Researchers make breakthrough in high-pressure magnetic detection

According to a study published in Nature Materials, a collaborative research team from the Hefei Institutes of Physical Science of the Chinese Academy of Sciences (CAS) and the University of Science and Technology of China has developed a research platform to study superconducting magnetic detection and magnetic phase transitions of hydrides under high pressure.

High-resolution in-situ magnetic measurement under high pressure has been a challenge. It has limited the progress of research on the Meissner effect of superconductivity and on magnetic phase transition behavior under high pressure. Using the optically detected magnetic resonance (ODMR) technique on diamond nitrogen vacancy (NV) centers has helped in-situ detection of pressure-induced magnetic phase transitions. However, it is not convenient to analyze and interpret the measured ODMR spectra because the NV center has four axial directions and zero-field splitting is temperature dependent.

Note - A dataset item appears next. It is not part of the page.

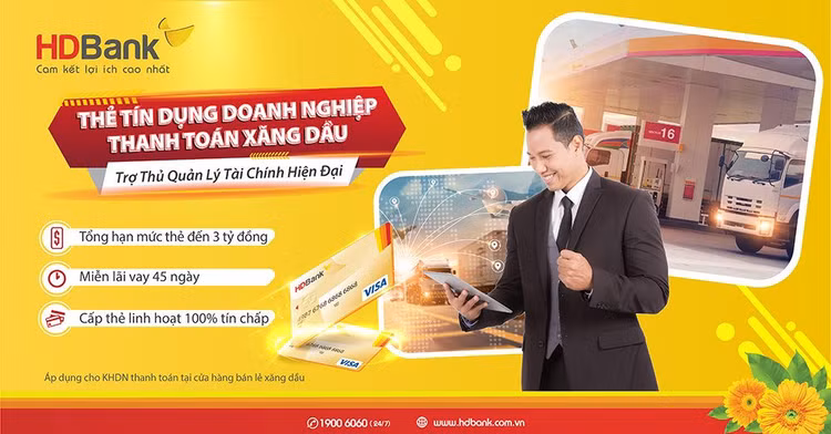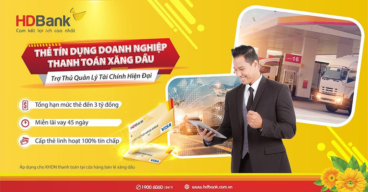 Song song cùng phương thức cấp thẻ hoàn toàn trực tuyến, nhanh chóng, tiện lợi, thẻ tín dụng chuyên biệt dành cho doanh nghiệp thanh toán xăng dầu của HDBank còn mang đến nhiều ưu đãi như: tín chấp 100% cùng mức lãi suất cực kỳ hấp dẫn, chỉ 12%/năm; 45 ngày không lãi suất; không giới hạn số lượng thẻ phụ phát hành.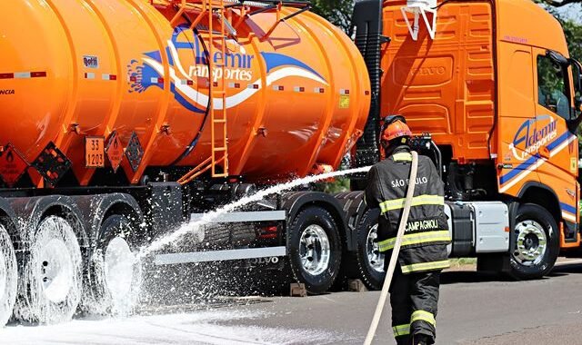 Simulado de acidente com carga perigosa mobiliza equipes na SP-463 em Araçatuba

In this study, the researchers have for the first time realized high-pressure in-situ quantum magnetic detection based on the silicon vacancy (V_Si) defects in silicon carbide and solved the problem of high-pressure magnetic detection.

The researchers used ion implantation to generate shallow V_Si defects on the surface of a processed silicon carbide anvil cell. V_Si defects in silicon carbide have only one axial direction. Due to the special symmetry of silicon carbide's electronic structure, zero-field splitting is insensitive to temperature, thus the problem of temperature variations in high-pressure sensing can be avoided.

The researchers found that the spectrum of V_Si defects shifted blue and the zero-field splitting value varied little with pressure (0.31 MHz/GPa)—much less than the slope of diamond NV centers (14.6 MHz/GPa). This is helpful for the measurement and analysis of ODMR spectra under high pressure.

By using ODMR technology on V_Si defects, the researchers observed the pressure-induced magnetic phase transition of Nd₂Fe₁₄B magnets at about seven GPa, and measured the critical temperature-pressure phase diagram of the YBa₂Cu₃O_6.6 superconductor.

This technique is of great significance to the field of high-pressure superconductivity and magnetic materials, according to the researchers.

By demonstrating the use of room-temperature spin-defects in silicon carbide as in-situ high pressure sensors, this work opens the door to new studies of quantum materials using Moissanite anvil cells.